Suasana hening ketika upacara sudah dimulai, Hari itu Pak Teuku Umar bertugas sebagai Pembina upacara. Badannya yang tegak dan wajah yang menurutnya penuh karismatik diusia yang sebenarnya tidak lagi muda “Hari ini tepat tanggal 1 Oktober seperti yang sudah kita ketahui merupakan peringatan Hari Kesaktian Pancasila. Upacara yang kita lakukan ini dipilih sebagai sarana untuk mengenang bagaimana lahirnya Hari kesaktian pancasila 47 tahun silam“ terdengar suara Pembina Upacara diawal pidatonya pada pagi itu melalui pengeras suara. “Hari Kesaktian pancasila sebagai bukti bahwa Pancasila mampu menumpas komunis dan Partai Komunis Indonesia (PKI) tahun 1965” lanjutnya lagi. Pembina dengan lantang meneruskan pidatonya. Tiba-tiba terdengar suara gaduh dibarisan kelas 2, rupanya salah seorang siswi pingsan.

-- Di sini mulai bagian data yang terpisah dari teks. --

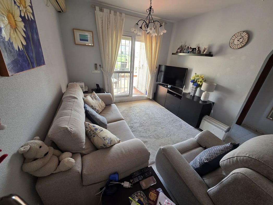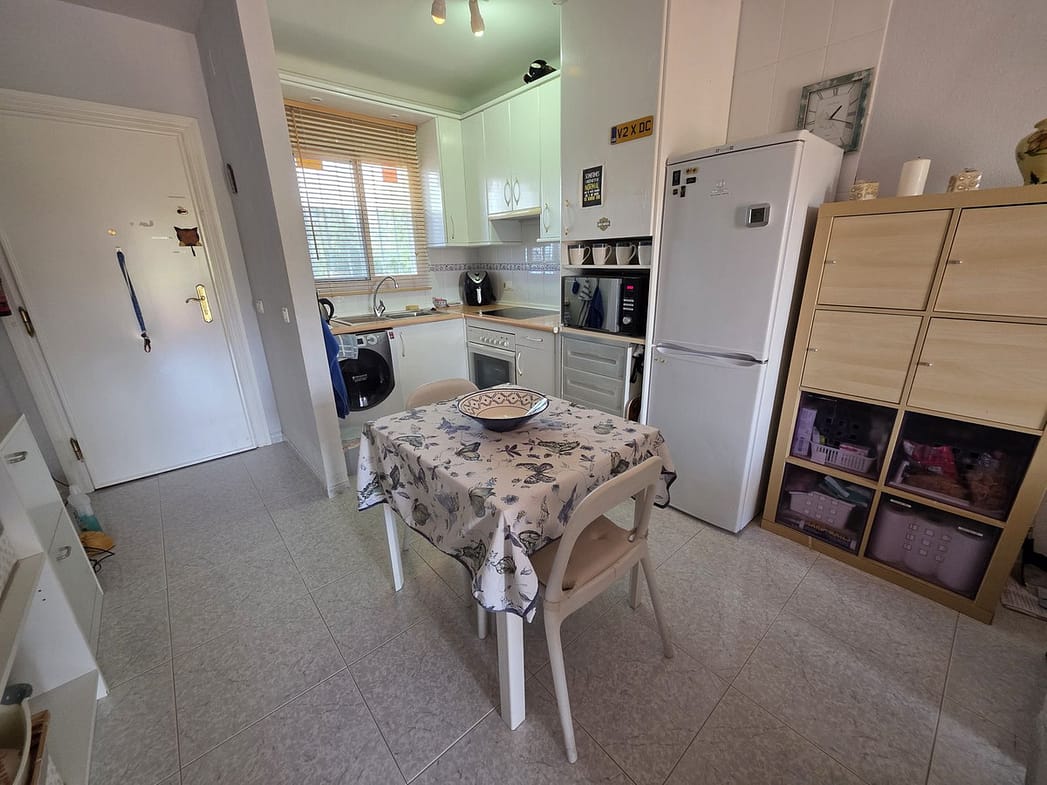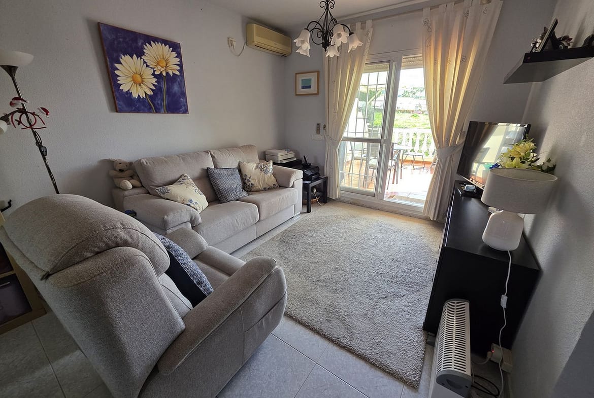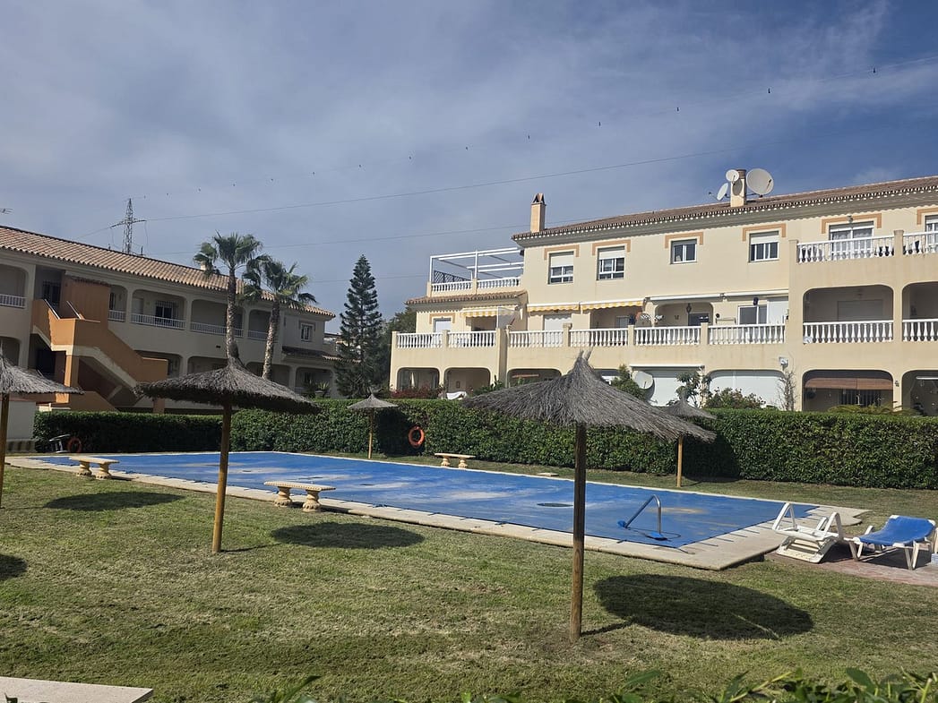 This apartment offers two bedrooms, one bathroom recently renovated, a kitchen and a living room. Access from the living room to a large terrace facing east. Short distance to the beach and all amenities. The property is part of a community offering a pool and large garden areas. Optional is to purchase a closed garage for 25.000Euros!

Dengan sigap Kartini dan 2 orang rekannya serta Pak Patimura dan ibu Fatmawati membawa siswi tersebut ke ruang UKS sekolah. Ibu Fatmawati yang bersedia menjaga siswi tersebut sementara Kartini dan Pak Patimura kembali kebarisan guru untuk kembali mengikuti jalannya upacara.

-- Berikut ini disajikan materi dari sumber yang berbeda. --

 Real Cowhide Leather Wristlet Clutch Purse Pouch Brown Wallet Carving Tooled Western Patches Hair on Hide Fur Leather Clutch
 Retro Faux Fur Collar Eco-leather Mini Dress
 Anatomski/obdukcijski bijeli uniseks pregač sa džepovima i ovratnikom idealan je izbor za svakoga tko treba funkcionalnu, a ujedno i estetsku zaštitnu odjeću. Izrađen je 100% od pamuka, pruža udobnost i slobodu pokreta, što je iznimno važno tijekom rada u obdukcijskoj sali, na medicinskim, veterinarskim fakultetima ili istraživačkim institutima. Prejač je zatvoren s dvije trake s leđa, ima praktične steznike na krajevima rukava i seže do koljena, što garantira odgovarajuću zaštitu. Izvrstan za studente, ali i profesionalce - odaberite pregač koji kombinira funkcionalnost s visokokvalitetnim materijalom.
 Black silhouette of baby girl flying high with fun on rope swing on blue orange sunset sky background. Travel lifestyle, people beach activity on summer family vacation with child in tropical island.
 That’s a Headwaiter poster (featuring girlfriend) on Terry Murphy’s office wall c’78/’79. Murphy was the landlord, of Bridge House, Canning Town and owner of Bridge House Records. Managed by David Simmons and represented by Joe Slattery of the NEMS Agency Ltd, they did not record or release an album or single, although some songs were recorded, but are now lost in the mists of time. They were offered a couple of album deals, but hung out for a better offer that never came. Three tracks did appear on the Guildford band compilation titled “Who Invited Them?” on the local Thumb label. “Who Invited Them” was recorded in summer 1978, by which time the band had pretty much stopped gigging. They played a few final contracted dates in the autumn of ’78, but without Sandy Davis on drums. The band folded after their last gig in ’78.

“Bangsa Indonesia terdiri dari berbagai elemen, termasuk suku, ras, agama dan sebagainya. Namun Pancasila, itulah konsep dan tujuan kemerdekaan sebagai salah satu ideologi Negara kita. Karena itu kalian sebagai generasi penerus bangsa, wajib mengamalkan dan mempertahankan nilai-nilai luhur Pancasila karena  merupakan ideology dan jati diri bangsa kita” ucap Pak Pangeran Antasari penuh semangat di akhir pidatonya. Jika itu merupakan drama maka mungkin Kartini lah orang pertama yang memberikan tepuk tangan paling keras. Semangat beliau yang menggebu-gebu seakan menjalar ke dalam tubuhnya, dia sebagai guru muda yang baru saja diangkat menjadi seorang PNS.

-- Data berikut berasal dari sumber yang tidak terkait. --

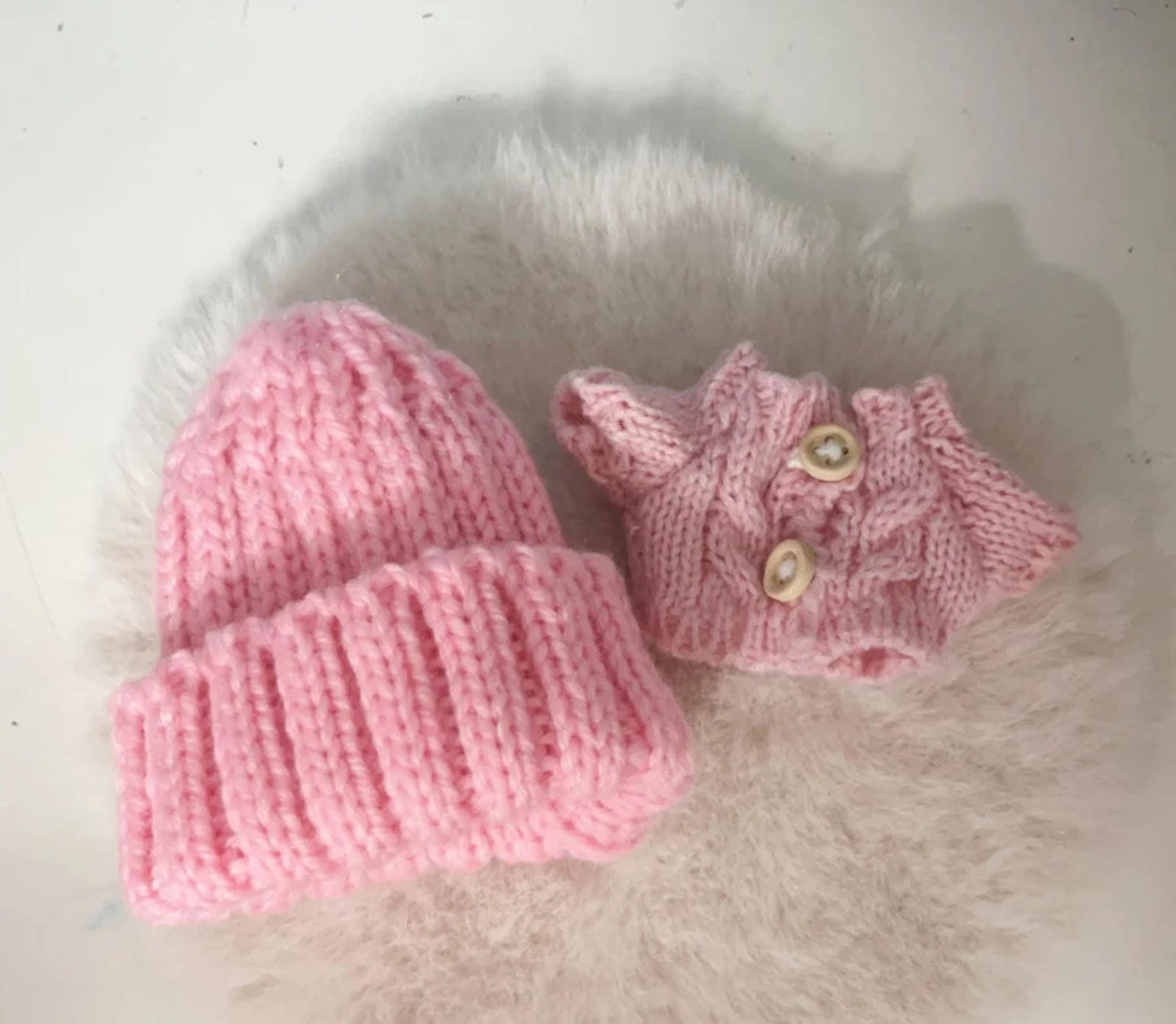 This sweater and hat are hand-knitted and elastic, making them a must-have for everyday wear.

“Waaaah… Pak Patimura benar-benar keren, tegas, penuh semangat dan sangat karismatik. Ya kan Pak Otto?”  ucap Cut kepadanya setelah upacara selesai. Cut adalah salah seorang siswinya yang termasuk nakal namun berprestasi, didalam kelas pun dia termasuk yang paling aktif menjawab jika dia memberikan pertanyaan dan paling aktif bertanya jika dirasa memang dia tidak mengerti. Kartini tertawa mendengar ucapannya.
“Jadi, bagaimana cara kamu memaknai Hari Kesaktian Pancasila ini Vivian?”Tanya Pak Otto.
“Gimana ya Pak? Mungkin seperti yang dikatakan Pak Pangeran Antasari mengamalkan pancasila, tidak akan berbuat yang sia-sia, apalagi itu sampai melanggar norma-norma yang ada” jawab Vivian sambil tersenyum.
“Nah itu baru siswi bapak, tapi jangan cuma dimulut ya tapi dihati juga terus realisasikan dengan perbuatan” sahutnya perlahan namun pasti. Jauh dalam hati dia berharap bangsa ini bisa menjadi lebih baik.